The narrator told us that a photo showed “the nuclei of Halley’s comet.” Um,
that’s nucleus. I don’t suppose most people notice or care, but to me, it’s a
screech of static that nudges me out of my educational reverie. Providentially,
the program was good enough to pull me back.
Three-D graphics showing how
the long elliptical orbits of comets intersect with our solar system are
fascinating. Coming close to a planet can put a wobble in a comet’s orbit and
either lengthen or shorten it. A comet’s ball of ice and dust is only a mile
(or up to nine) across, but when the sun warms it, it can send out a tail of
particles a million miles long.
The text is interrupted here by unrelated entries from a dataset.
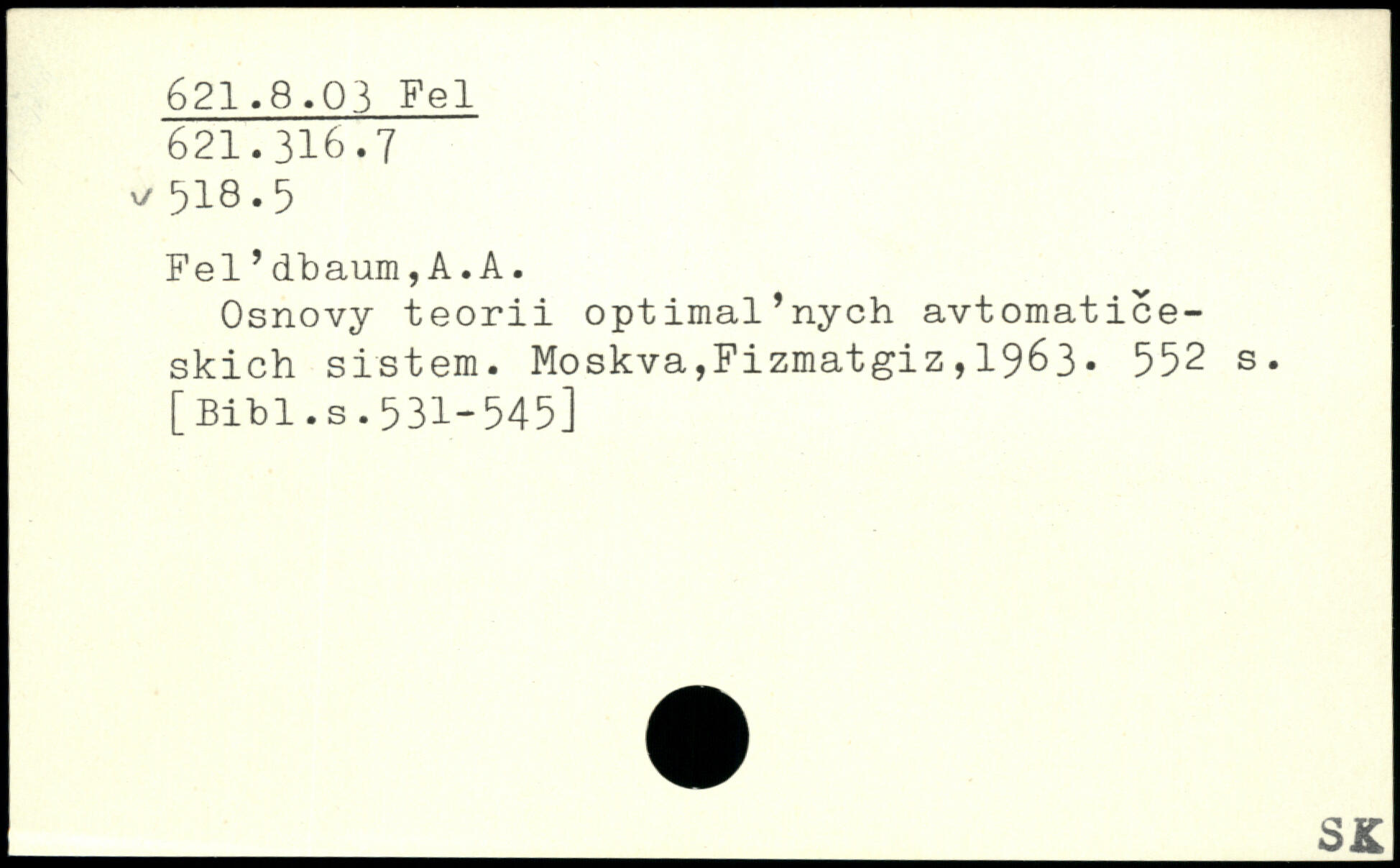 Fel ’dbaum,A.A. Osnovy teorii optimal’nych avtomatice-skich sistem.
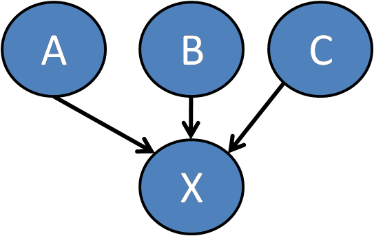 There is a second, more subtle flaw in the belief network paradigm. A belief network is defined based on a graph which has one node for each data variable. This is fine, if you know what the correct variables are. But very often the correct variables are unknown; indeed, finding the correct variables is probably the key problem in learning. Once you know that the critical variables are mass, force, and acceleration, it is almost trivial to determine the relation between them. As an example, consider a system composed of three variables A,B,C and X. The unknown relationship between these variables is X~F(A+B+C), where F is some complex distribution that depends on a single parameter. Now, a naïve representation will yield a belief network that looks like the following:
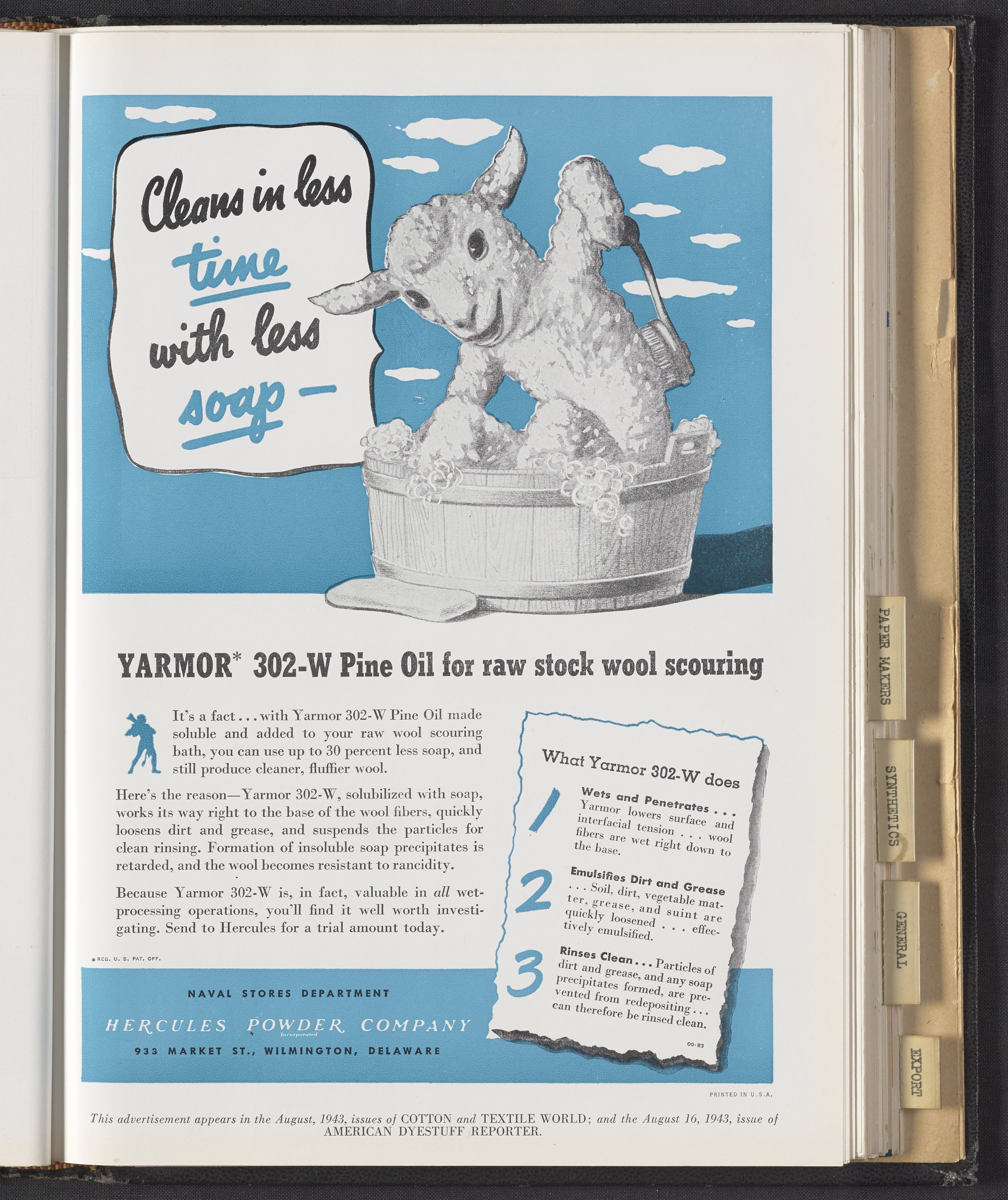 Hercules Incorporated. “Cleans in Less Time with Less Soap.” 1943 Hercules Advertisements, 1943. Records of Hercules Incorporated, Volume 1943. Science History Institute. Philadelphia. https://digital.sciencehistory.org/works/3t945r56h.
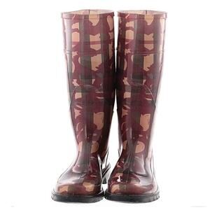 Burberry Burgundy Tan Graffiti Heart Talk Rain Boots EU38 US 7.5-8
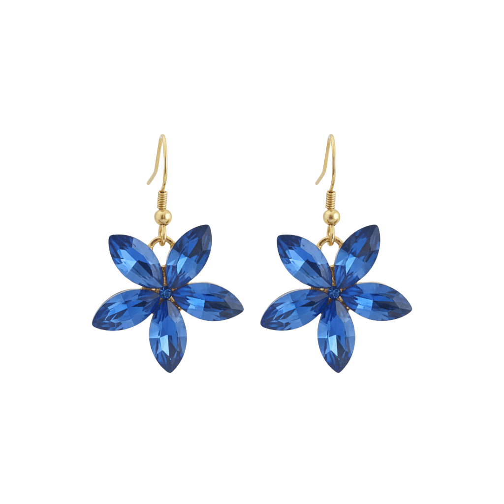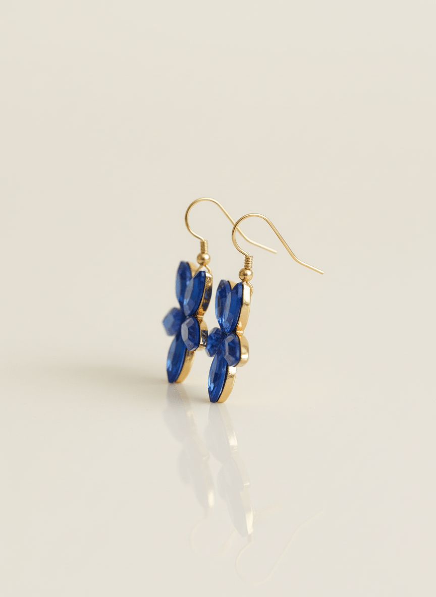 Questi orecchini fiore blu sono un inno alla delicatezza. Ho scelto un cristallo blu intenso, tagliato e sfaccettato per formare i petali di un fiore stilizzato, che ricorda un non-ti-scordar-di-me. La lavorazione del cristallo permette di creare un gioco di riflessi che rende il gioiello vivo e scintillante.
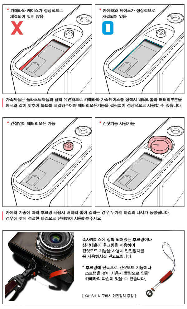 由高品質的真皮製成可以更換電池/存儲卡倉獨特的附件系統,獨立的三腳架安裝。

Solar radiation ionizes it and makes it glow.
Comets create problems for
old-earth believers, because every time they pass the sun, they lose a bit of
volume. No way can they have been doing this for the posited zillions of years
since the posited Big Bang. So a fellow
named Oord imagined the Oord Cloud, a sort of nursery for comets which pops new
ones out to replace the casualties. No one could find it or prove it exists. So a
fellow named Kuiper imagined the Kuiper Belt, out beyond Neptune, nurturing "snowy dirtballs" until they are ready to pop into orbit around the sun. Nobody can
prove it.
One of the video monitors in
the museum shows a snippet of an interview with a California Ph.D. evolutionist
who says the problem with creationists is that they have no imagination. And
the prize for lack of self-awareness goes to…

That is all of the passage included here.